Uwe Lueck uwe.lueck at web.de
Sat May 17 18:35:02 CEST 2014


Douglas McKenna 17 May 2014 00:05 (CEST!?):
> Here is a MWE that must be viewed as a PDF file. I'm using
> TeXLive 2010 and TeXShop 2.47.
> Notice that I'm not relying upon either the verbatim or
> fancyvrb packages, yet the \verb| ... |
> construction works as advertised and is not complained of by LaTeX.
> 
> %----------------------
> \documentclass{article}
> \begin{document}
> \verb|\Test|
> 
> \verb|\\Test|
> 
> \vskip1em
> Why is the second of the above two lines a clickable link
> (hover over it and it says \verb|smb://Test|
> (as it does right here)) in the eventual PDF file?
> What does ``smb:'' mean?
> If this is a feature (or bug), how do I turn it off (or work around it)?
> \end{document}
> %-----------------------
> 
> Clicking on the link in the eventual PDF causes the Mac Finder
> to issue the following error:

>From this "MWE" code I could not believe the story and ran
the code with pdflatex (under Lubuntu Linux with Debian TeX Live). 
There is _no_ link -- of course, especially without hyperref ...
(with Evince ...)

... but I see the link with `smb://Test' on the

    http://tug.org/pipermail/texhax/2014-May/021171.html

version of your posting -- so TeXShop or that Apple library
pretends to be smart by offering a link for everything that 
looks like link code.

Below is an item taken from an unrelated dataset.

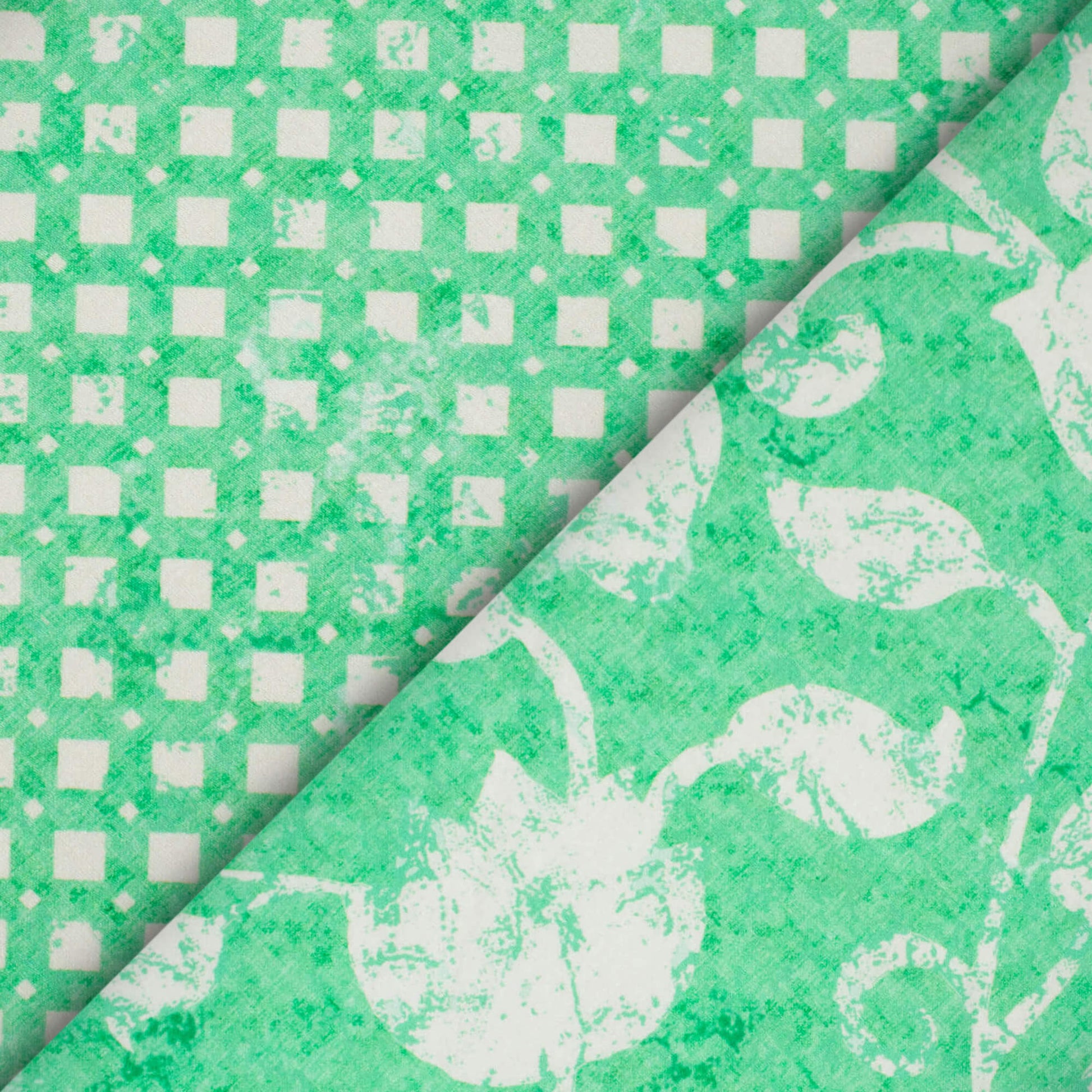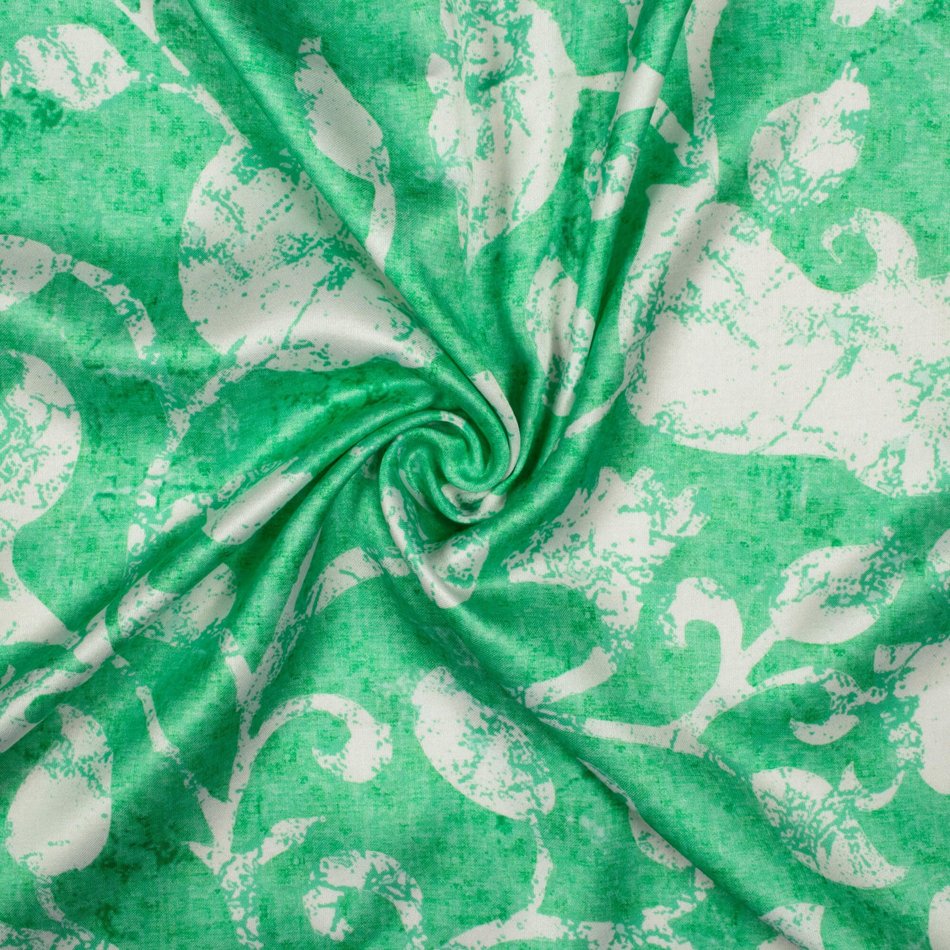 Mint Green And White Floral Pattern Digital Print Crepe Silk Fabric

In that case you could ignore the 
"problem", just don't click at the "link", other PDF viewers 
are not that "smart."

However, you write that even `\\Test' appears to be a link. 
It is not a link in your posting in its above form.

Perhaps this occurs with \verb because this way your "smart" 
viewer recognizes a "code font" ... and perhaps a pair of 
backslashes is interpreted as belonging to Windows, and `smb:' 
is the "default protocol," as otherwise `http:' is.
Do you get an smb link from \texttt{\string\\boguslink}} too?